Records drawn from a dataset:
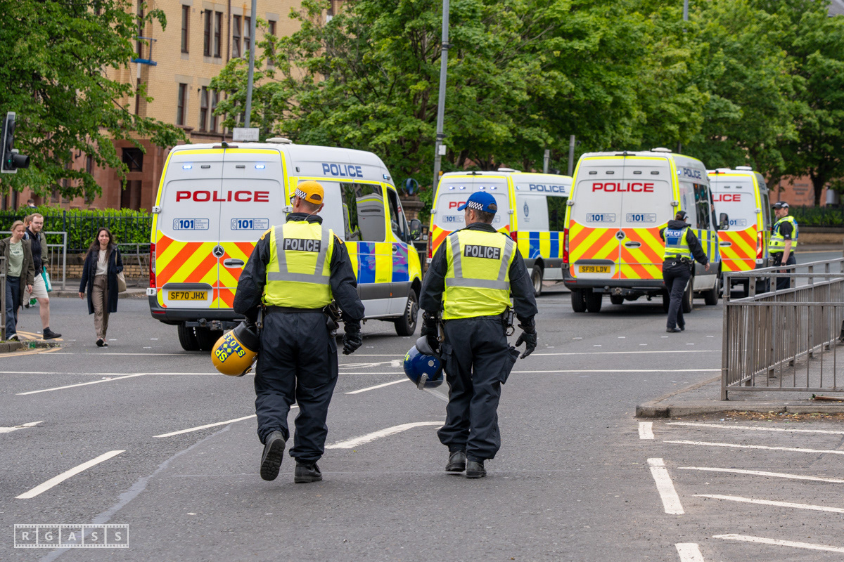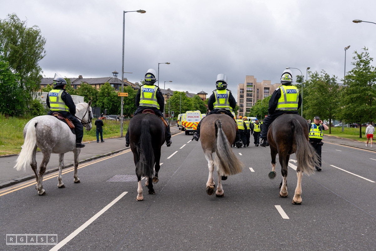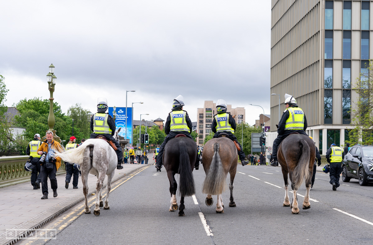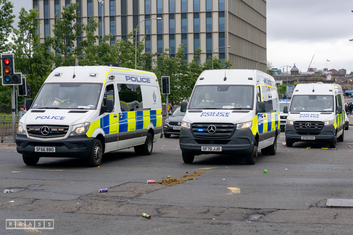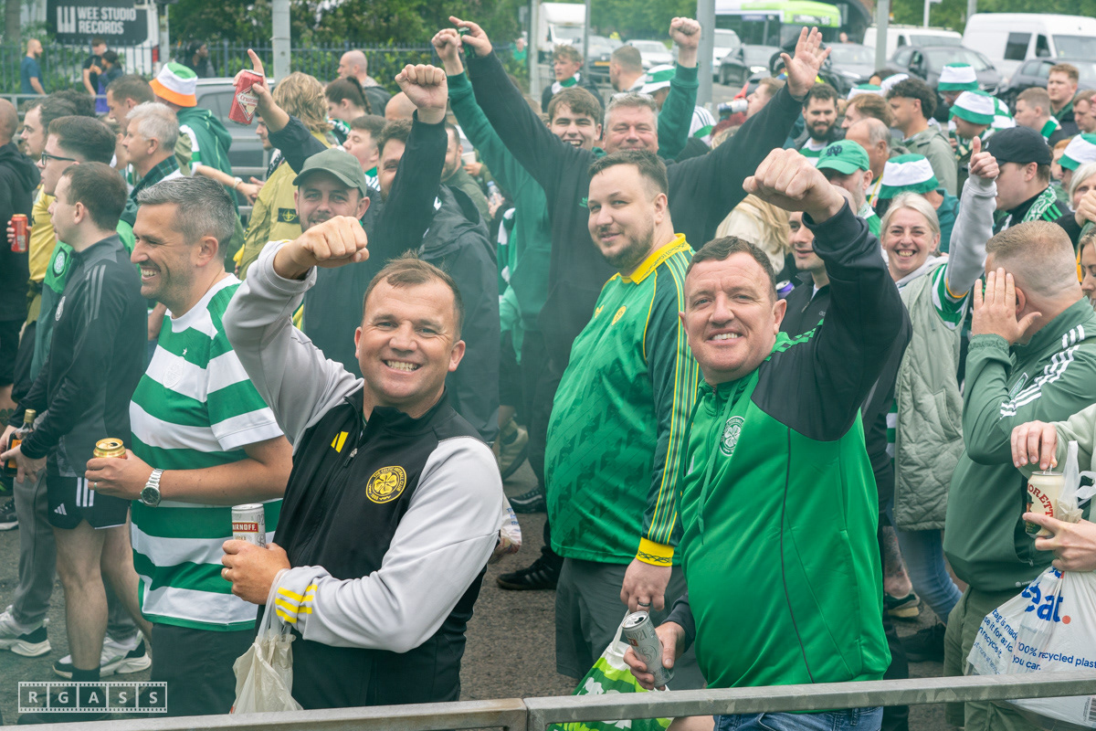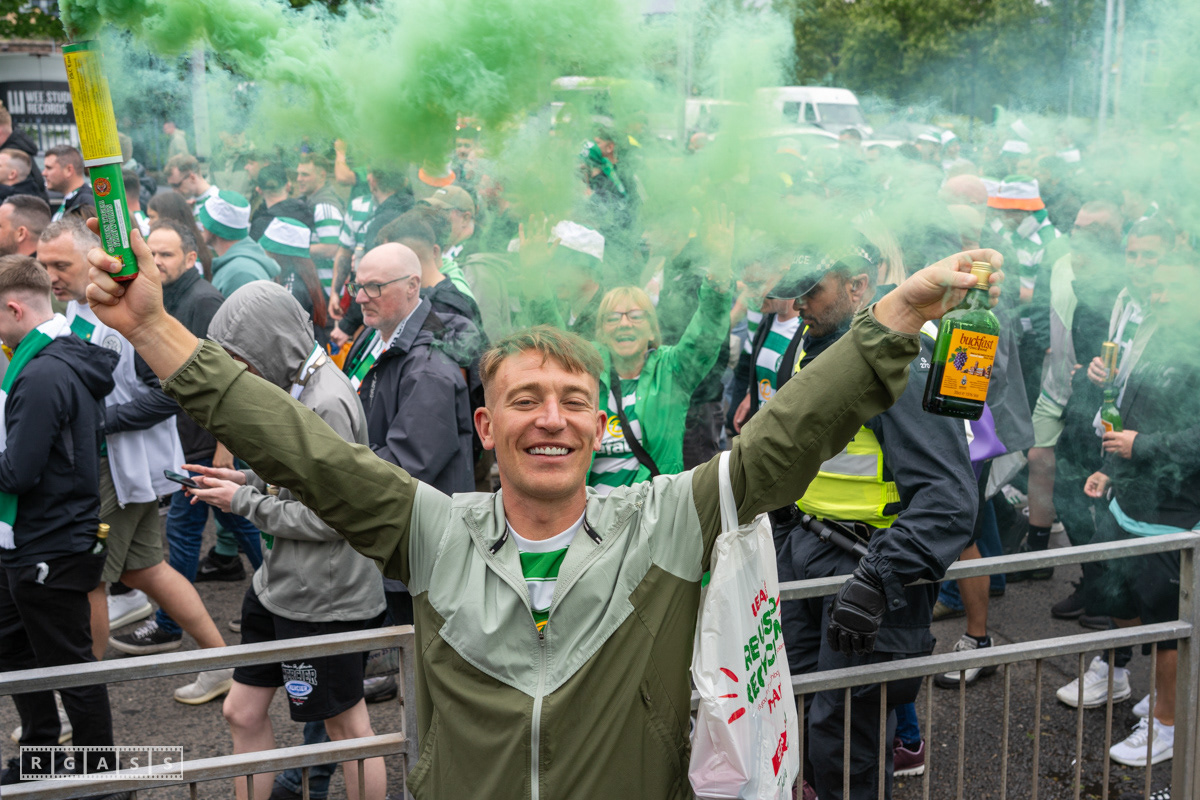 Glasgow, UK. 24 May 2025. The Green Brigade lead Celtic supporters wearing the Hoops in a march from Glasgow Green to Hampden Park ahead of Celtic v Aberdeen in the Scottish Cup final.
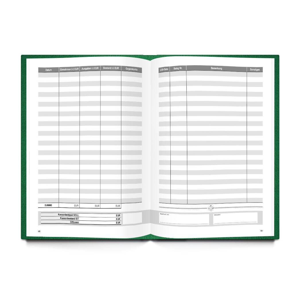 Kassenbuch GRÜN (Hardcover A4, Blankoseiten)
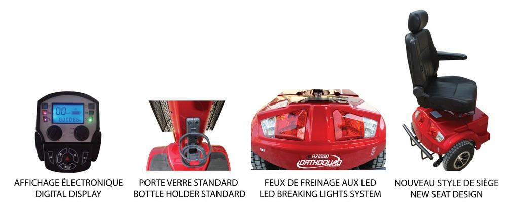 Le nouveau Orthoquad RZ1000 établit maintenant la norme dans le segment des quadriporteurs intermédiaires. Propulsé par un fiable et puissant moteur de 950 watts et jumelé à deux batteries de 55Ah, il peut atteindre une vitesse de 15 km/h avec une autonomie impressionnante. Avec sa suspension active aux quatre roues, le RZ1000 offre un haut niveau de confort même sur des terrains accidentés.
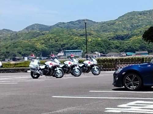 牛深の街中をパトロールしてたが、ランチタイムかな?駐車場に並んでた。3台、ワンチームですね駐車場も各1台分、上天草警察署に所属と聞く!昔のお話、白バイは、500㏄と聞いた、 400ccだと、パワーが無い、 500ccだと、小回りパワーもあり 取り回しが楽と!急なUターン、せどわへ入れる (白バイは、牛深のせどわ知らんだろう!)デカい1200ccなどは。交通安全のパレードとか、護衛の時、走りますでも、牛深街中で交通事故、 午前1件、午後1件と聞いた、 (右折、左折の事故)救急車も出動してた。消防署は、連休無いね、感謝!
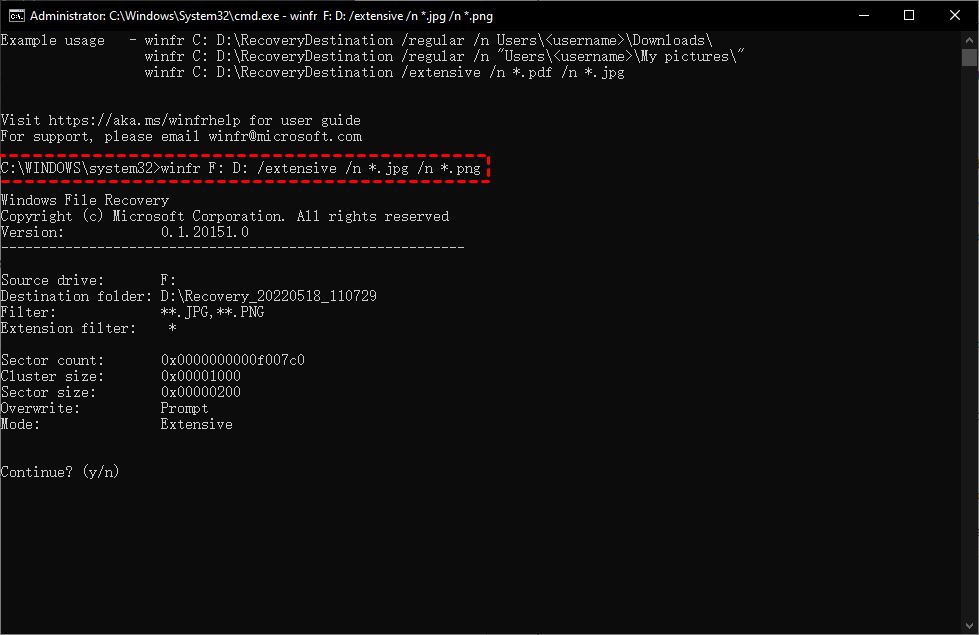 然后按y继续并等待过程完成。使用此命令,你可以将jpeg和jpg文件从U盘设备恢复到另一个驱动器。将在目标磁盘中自动创建一个名为“Recovery_日期_时间”的文件夹。

** TASK GOAL **
Retype the lines above exactly as they appear, from the line containing "Le nouveau Orthoquad" through the line containing "400ccだと、パワーが無い、 500ccだと、小回りパワーもあり 取り回しが楽と!急なUターン、せどわへ入れる", and leave out any pictures.

** ANSWER SPACE **
 Le nouveau Orthoquad RZ1000 établit maintenant la norme dans le segment des quadriporteurs intermédiaires. Propulsé par un fiable et puissant moteur de 950 watts et jumelé à deux batteries de 55Ah, il peut atteindre une vitesse de 15 km/h avec une autonomie impressionnante. Avec sa suspension active aux quatre roues, le RZ1000 offre un haut niveau de confort même sur des terrains accidentés.
 牛深の街中をパトロールしてたが、ランチタイムかな?駐車場に並んでた。3台、ワンチームですね駐車場も各1台分、上天草警察署に所属と聞く!昔のお話、白バイは、500㏄と聞いた、 400ccだと、パワーが無い、 500ccだと、小回りパワーもあり 取り回しが楽と!急なUターン、せどわへ入れる (白バイは、牛深のせどわ知らんだろう!)デカい1200ccなどは。交通安全のパレードとか、護衛の時、走りますでも、牛深街中で交通事故、 午前1件、午後1件と聞いた、 (右折、左折の事故)救急車も出動してた。消防署は、連休無いね、感謝!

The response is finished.